■ **What this task involves**:
Restate the records in full and exactly, with no images included.
-*-
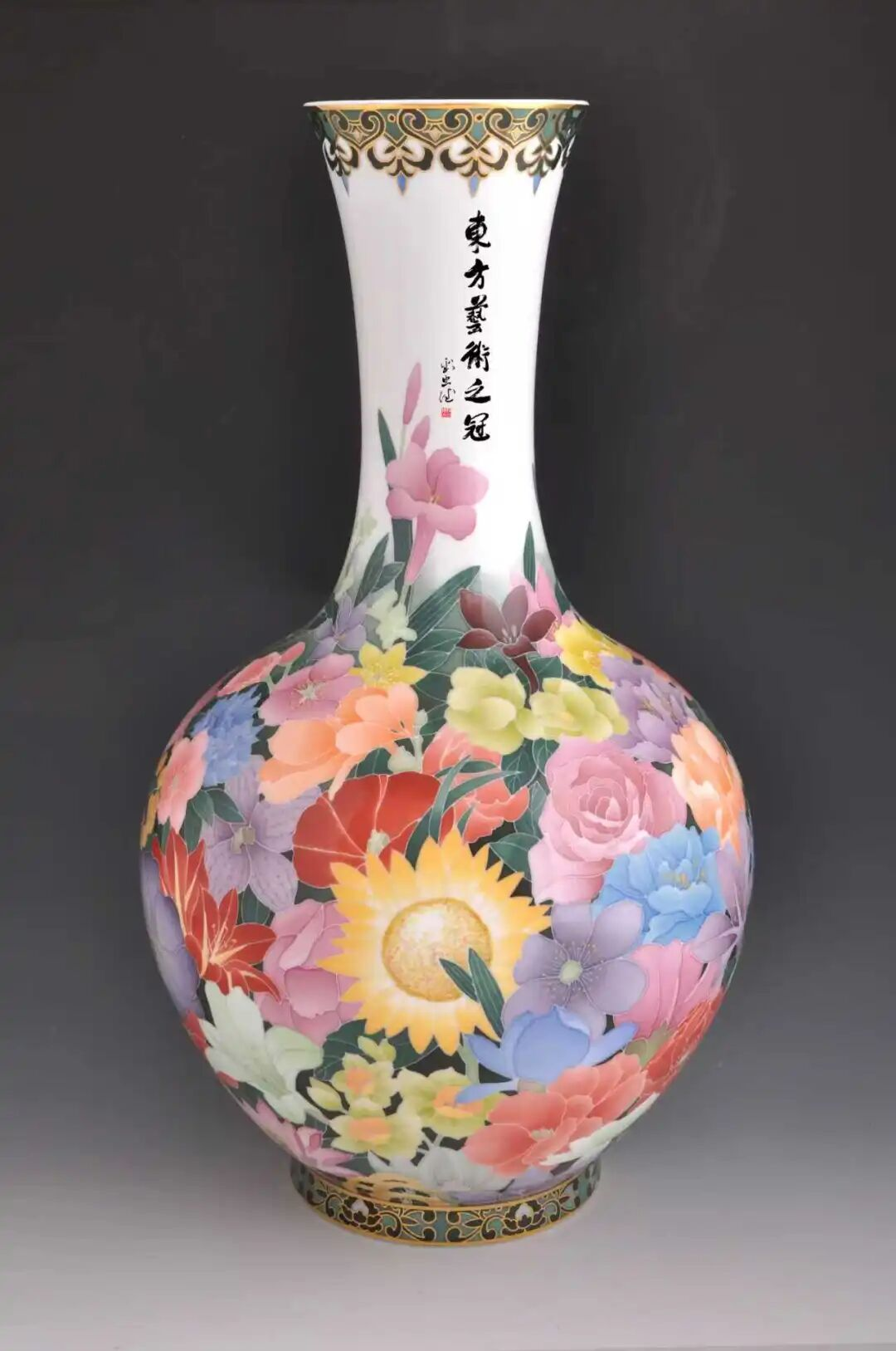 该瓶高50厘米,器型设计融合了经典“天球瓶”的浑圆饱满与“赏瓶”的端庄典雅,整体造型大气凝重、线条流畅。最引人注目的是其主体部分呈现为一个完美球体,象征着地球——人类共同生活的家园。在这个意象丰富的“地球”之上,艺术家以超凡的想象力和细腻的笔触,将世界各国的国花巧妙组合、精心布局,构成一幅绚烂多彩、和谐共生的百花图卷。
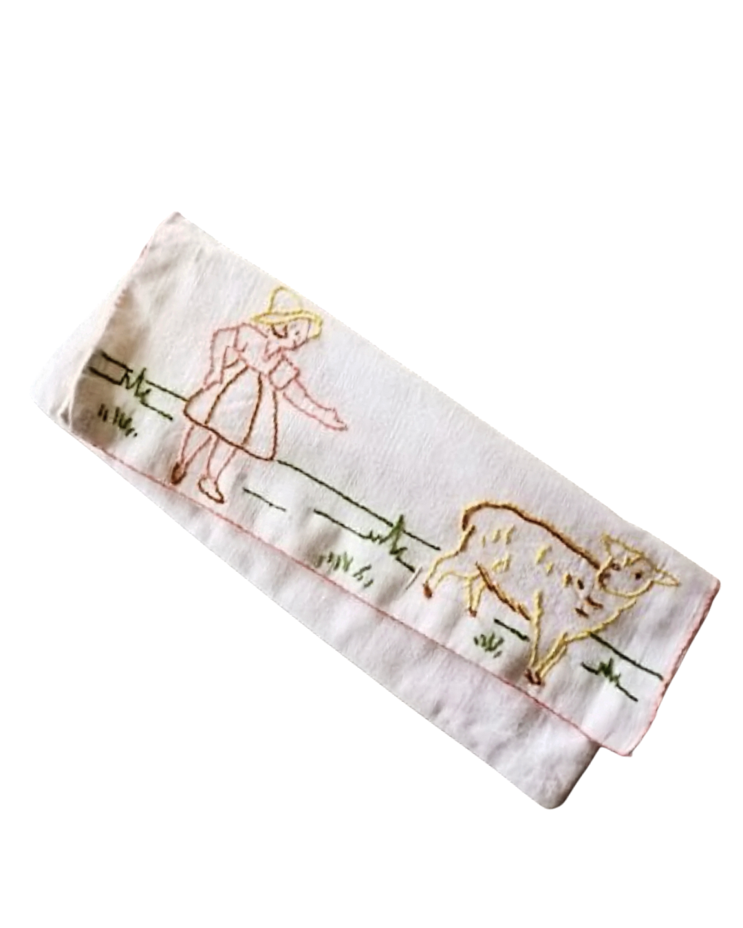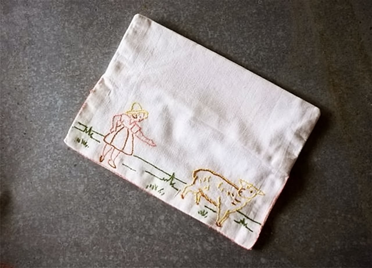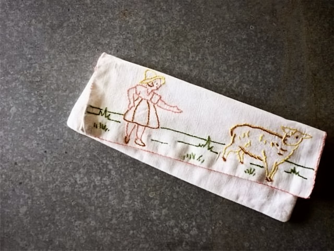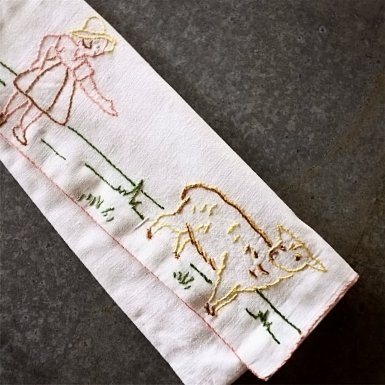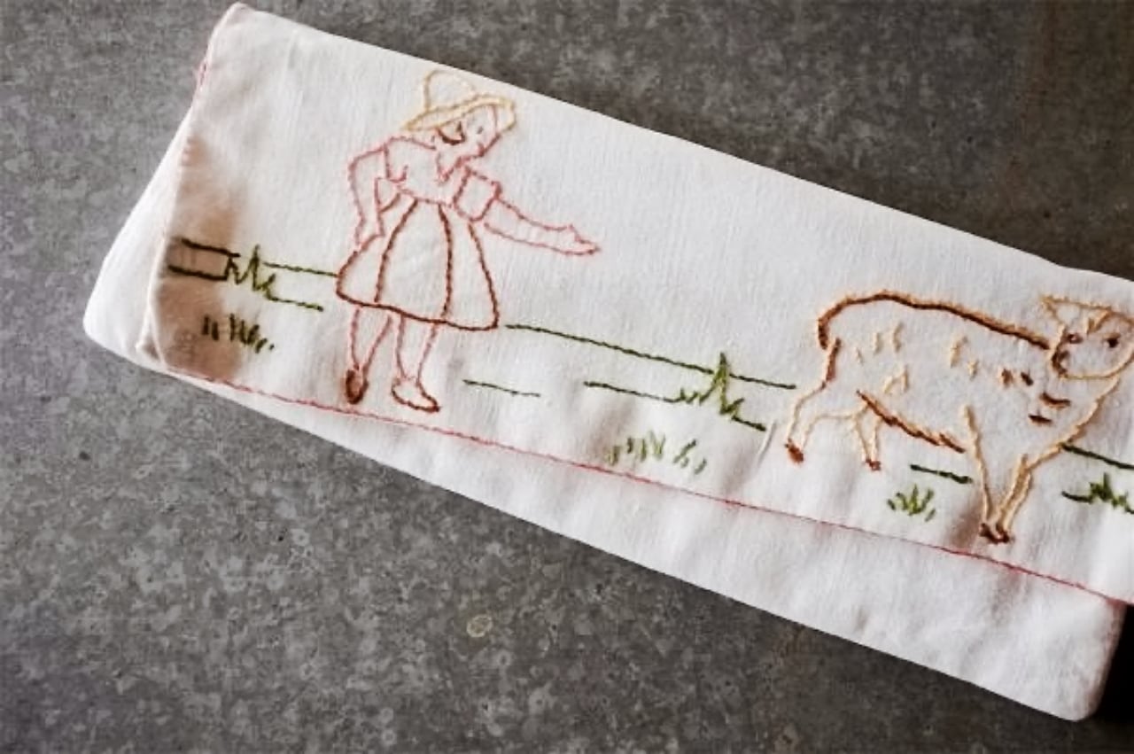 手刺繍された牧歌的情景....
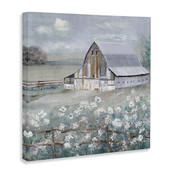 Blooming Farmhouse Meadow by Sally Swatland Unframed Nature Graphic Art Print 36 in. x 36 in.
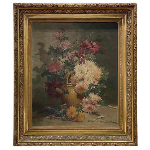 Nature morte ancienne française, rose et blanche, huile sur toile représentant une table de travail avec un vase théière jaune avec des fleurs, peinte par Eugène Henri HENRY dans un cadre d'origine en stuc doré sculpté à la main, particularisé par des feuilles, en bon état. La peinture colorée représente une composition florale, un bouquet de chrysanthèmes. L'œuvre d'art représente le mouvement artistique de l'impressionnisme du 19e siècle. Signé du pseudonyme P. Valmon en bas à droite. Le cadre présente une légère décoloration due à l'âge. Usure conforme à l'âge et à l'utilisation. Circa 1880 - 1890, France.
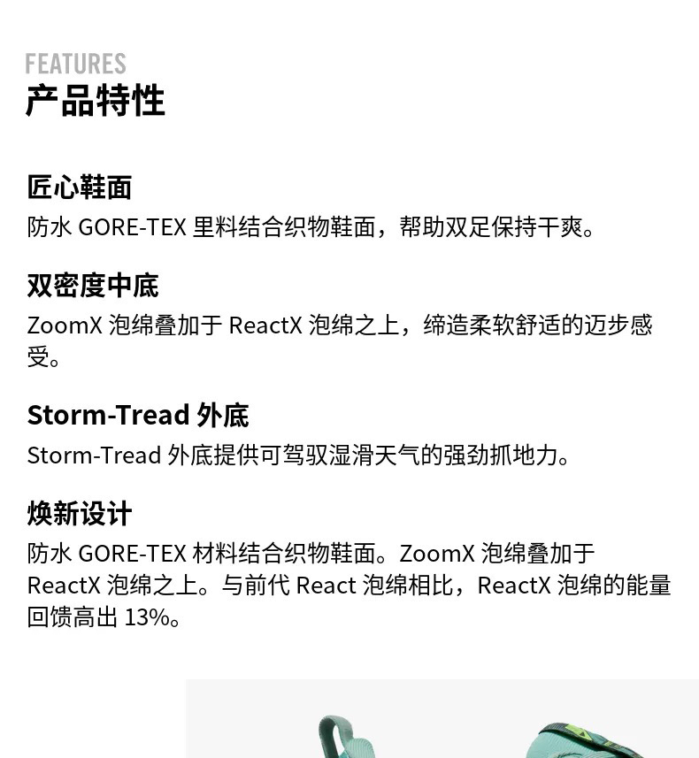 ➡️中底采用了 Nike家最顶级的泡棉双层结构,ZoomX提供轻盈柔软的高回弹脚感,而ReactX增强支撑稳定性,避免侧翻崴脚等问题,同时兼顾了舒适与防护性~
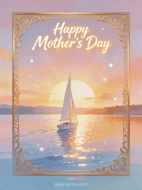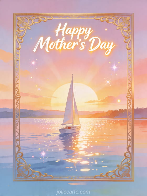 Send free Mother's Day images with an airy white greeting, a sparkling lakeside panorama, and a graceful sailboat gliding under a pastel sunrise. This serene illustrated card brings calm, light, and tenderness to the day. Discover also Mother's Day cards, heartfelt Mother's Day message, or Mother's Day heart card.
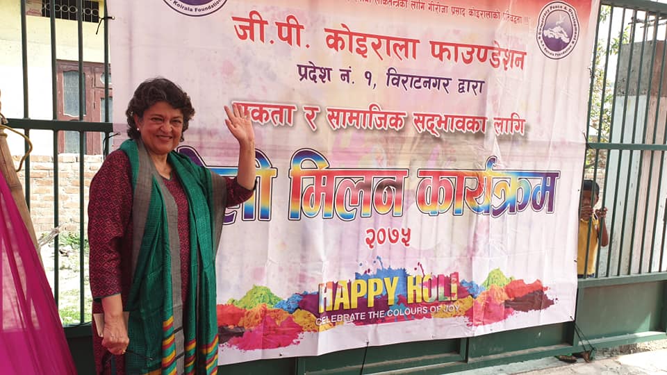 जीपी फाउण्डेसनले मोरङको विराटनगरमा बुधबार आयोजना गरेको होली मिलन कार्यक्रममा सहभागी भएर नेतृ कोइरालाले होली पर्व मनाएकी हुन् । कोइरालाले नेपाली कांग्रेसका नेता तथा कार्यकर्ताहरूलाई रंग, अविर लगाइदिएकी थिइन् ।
-*-
■ **Response to the exercise**:
 该瓶高50厘米,器型设计融合了经典“天球瓶”的浑圆饱满与“赏瓶”的端庄典雅,整体造型大气凝重、线条流畅。最引人注目的是其主体部分呈现为一个完美球体,象征着地球——人类共同生活的家园。在这个意象丰富的“地球”之上,艺术家以超凡的想象力和细腻的笔触,将世界各国的国花巧妙组合、精心布局,构成一幅绚烂多彩、和谐共生的百花图卷。
 手刺繍された牧歌的情景....
 Blooming Farmhouse Meadow by Sally Swatland Unframed Nature Graphic Art Print 36 in. x 36 in.
 Nature morte ancienne française, rose et blanche, huile sur toile représentant une table de travail avec un vase théière jaune avec des fleurs, peinte par Eugène Henri HENRY dans un cadre d'origine en stuc doré sculpté à la main, particularisé par des feuilles, en bon état. La peinture colorée représente une composition florale, un bouquet de chrysanthèmes. L'œuvre d'art représente le mouvement artistique de l'impressionnisme du 19e siècle. Signé du pseudonyme P. Valmon en bas à droite. Le cadre présente une légère décoloration due à l'âge. Usure conforme à l'âge et à l'utilisation. Circa 1880 - 1890, France.
 ➡️中底采用了 Nike家最顶级的泡棉双层结构,ZoomX提供轻盈柔软的高回弹脚感,而ReactX增强支撑稳定性,避免侧翻崴脚等问题,同时兼顾了舒适与防护性~
 Send free Mother's Day images with an airy white greeting, a sparkling lakeside panorama, and a graceful sailboat gliding under a pastel sunrise. This serene illustrated card brings calm, light, and tenderness to the day. Discover also Mother's Day cards, heartfelt Mother's Day message, or Mother's Day heart card.
 जीपी फाउण्डेसनले मोरङको विराटनगरमा बुधबार आयोजना गरेको होली मिलन कार्यक्रममा सहभागी भएर नेतृ कोइरालाले होली पर्व मनाएकी हुन् । कोइरालाले नेपाली कांग्रेसका नेता तथा कार्यकर्ताहरूलाई रंग, अविर लगाइदिएकी थिइन् ।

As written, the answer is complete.